Forget to Water Plants Often? WMU Students Created a Solution
Have trouble with your house plants because you forget to water them properly? Western Michigan University students came up with a real solution that works.
When People Get Busy Houseplants Suffer
When parents have full-time jobs, kids, pets, and all the other distractions life can bring it's easy to forget to water house plants or plants out on the porch or anywhere else you have them.
It's easy to forget to water a plant even if you walk by it every day. But what if there was a solution to this problem that required no work once installed?
WMU Students Invent a Self-Watering Planter
Three Western Michigan University engineering students created an award-winning self-watering plant system and they have become a patent away from being able to retire.

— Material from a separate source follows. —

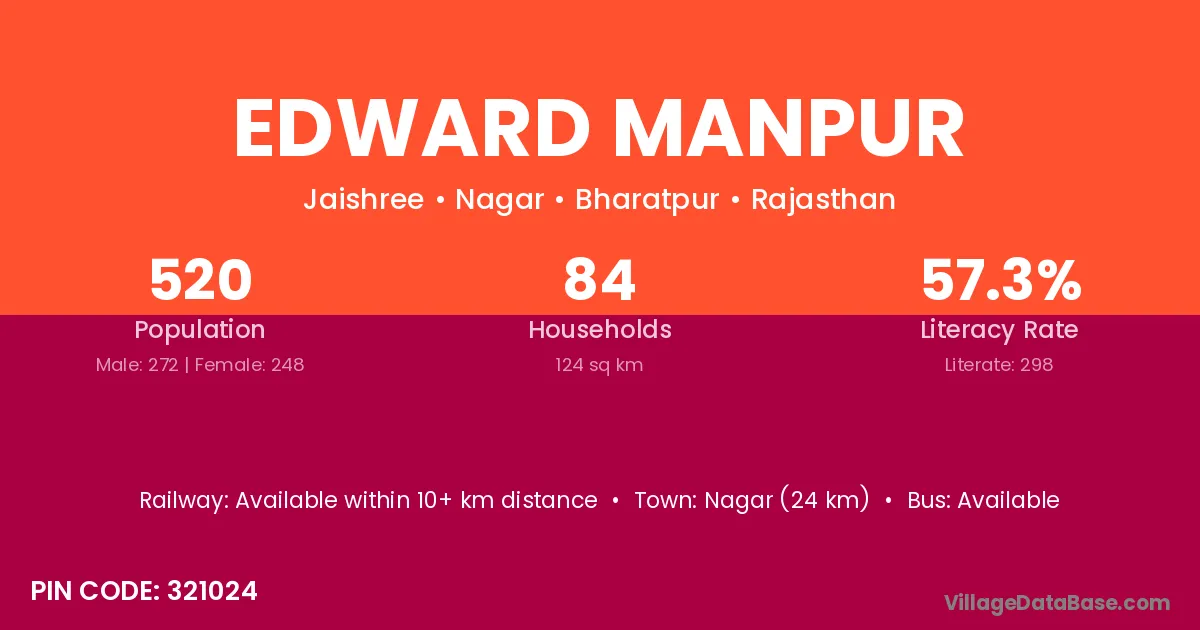 Nagar (24 km) is the nearest town to Edward Manpur village for major economic activities and is located approximately 24 km away.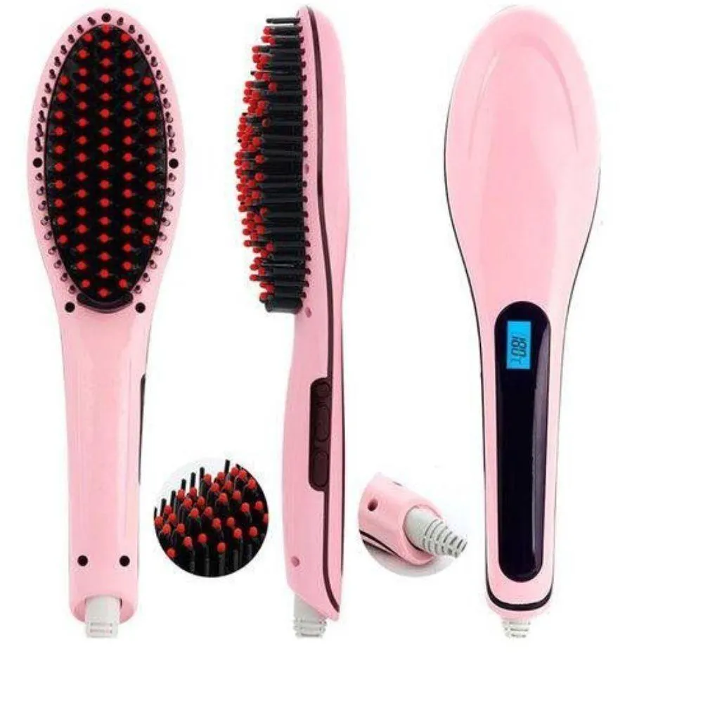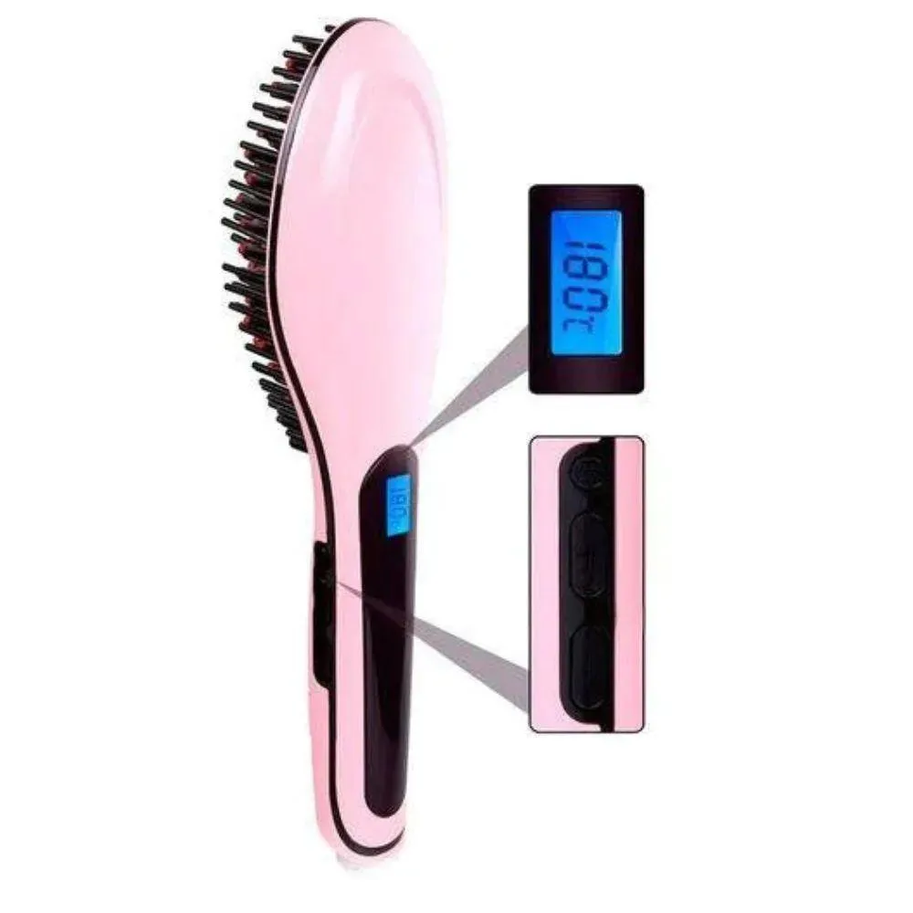 escova elétrica Alisadora você pode escolher facilmente a temperatura utilizando os botões de controle, visualizando no display.Você nunca mais irá perder seu tempo com baixa temperatura ou se queimar com a temperatura muito alta!!Não danifica os fios e garante cabelos Lisos, com aparência natural. É a opção Ideal para os que estão insatisfeitos com os cachos e

The three students created a device that is known as an atmospheric water generator. This is a really slick idea and I'm sure gardeners around the globe are kicking themselves for not thinking of this one. The unit is put into the ground and is set up to takin in moister from the air and then turn it into water making this system self-sufficient. This is an absolutely brilliant idea.
The three WMU students from left to right are Tatenda Zindoga, Anges Nyanamba, and Kate Mih. What started off as a class project soon the students discovered this is a much bigger deal than expected.
When the students realized their project could become a worldwide phenomenon, they needed to put together a marketing, and manufacturing plan.
What started as three separate ideas, soon became one that was named "Selpe." The three students wound up winning first place and earned $3000.
According to WOOD, Tatenda Zindoga originally from Zimbabwe believes this device could help people back home and others around the world. Zindoga said, "I actually do want to push it to actually start something back home in Zimbabwe because we have somewhat of a water crisis because drought seasons are very common, so it could actually help us a lot." The three students are working on the prototype to score their patent to get this product on the market.